The network, he says, was enthusiastic: “There were no concerns
whatsoever. We always do projects about American history, and their
response was terrific.”
External events affected the timing, however. “Originally we envisioned
the film would be broadcast in 2018, but because of the expansion of the
Vietnam series to ten episodes, it delayed the release,” Burns recalls. “We
decided that we didn’t want to release The Vietnam War in 2016 during an
election year, so we released it in 2017, which meant just moving things along
between the two big projects.”
Big, indeed. And though not inherently political, Country Music is, in
its own way, controversial, as Burns explains: “One of the reasons we’re
so excited about [the series] is that people have some pretty superficial
conventional wisdom about country music. The series just explodes [these
notions], and you quickly see how many different types of music are in
country music. It is impossible to define it as just one thing — it crosses the
borders and intersects with all other music forms, including jazz, R&B, the
blues, folk, rock — so there’s this classically American melting pot that takes
place as you watch the series.”
In the case of Brenda Lee, who had forty-seven U.S. chart hits in the
1960s, the breadth of the genre is seen in a single career. “They categorized
me as a rockabilly,” she says, “then all of a sudden I was rock, then I was pop,
then all of a sudden I became country. When a singer is absolutely passionate
about what she does, I don’t think you should pigeonhole it. Because if you
ask us, it’s music. That’s all it is.”
For his part, Willie Nelson declares: “It’s music, you know. You can’t say
it’s this, that or the other — it’s not a Democrat or a Republican.”

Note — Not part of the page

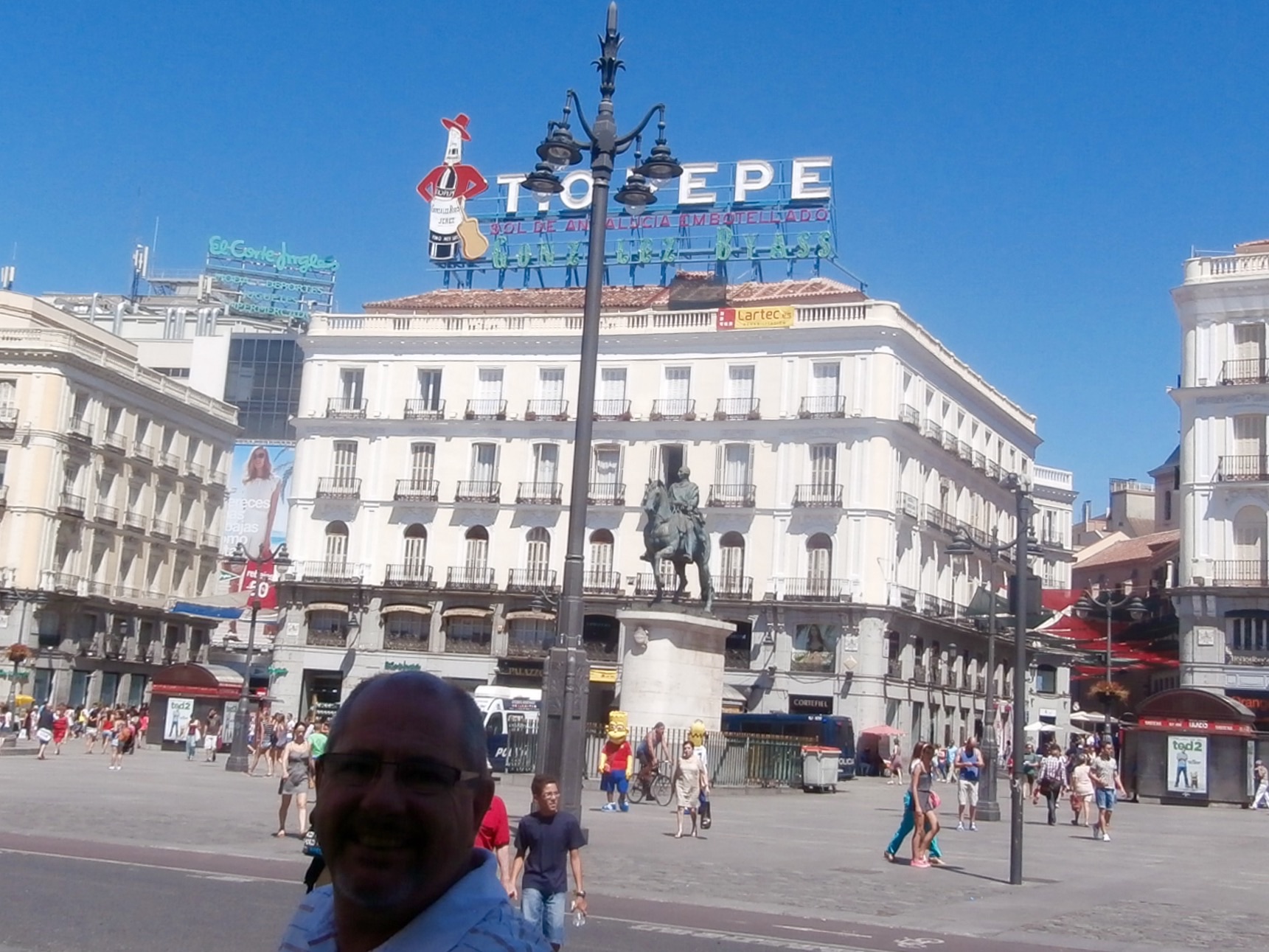 This photo of Mick was taken in front of the Puerto del Sol. This square marks the epicentre of the city and it is from here that all distances in Spain are measured. The statue in the middle is of King Carlos III (“M” is for MONARCHS). I wanted this photo to show the famous sign of Tio Pepe sherry in the back for Mick’s mum Kath, who had told us about it before we left. This sign has the same importance as the Coca Cola one in Kings Cross.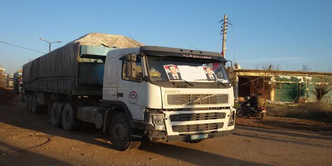 سيرت محافظة حلب اليوم 20 شاحنة إلى مدينتي نبل والزهراء بريف حلب الشمالي تحوي مواد غذائية ومستلزمات طبية ومساعدات إغاثية.

Burns adds, “What you find in art — and in this case, in music — is that our
strength is in our diversity, and not in going to our tribal positions. The only
thing that comes out of tribal thinking is disagreement and division.”
The series makes clear that, as diverse as country music is, all of it —
from Gene Autry to Billy Ray Cyrus — “can exist under the umbrella of country
music,”as Marty Stuart says.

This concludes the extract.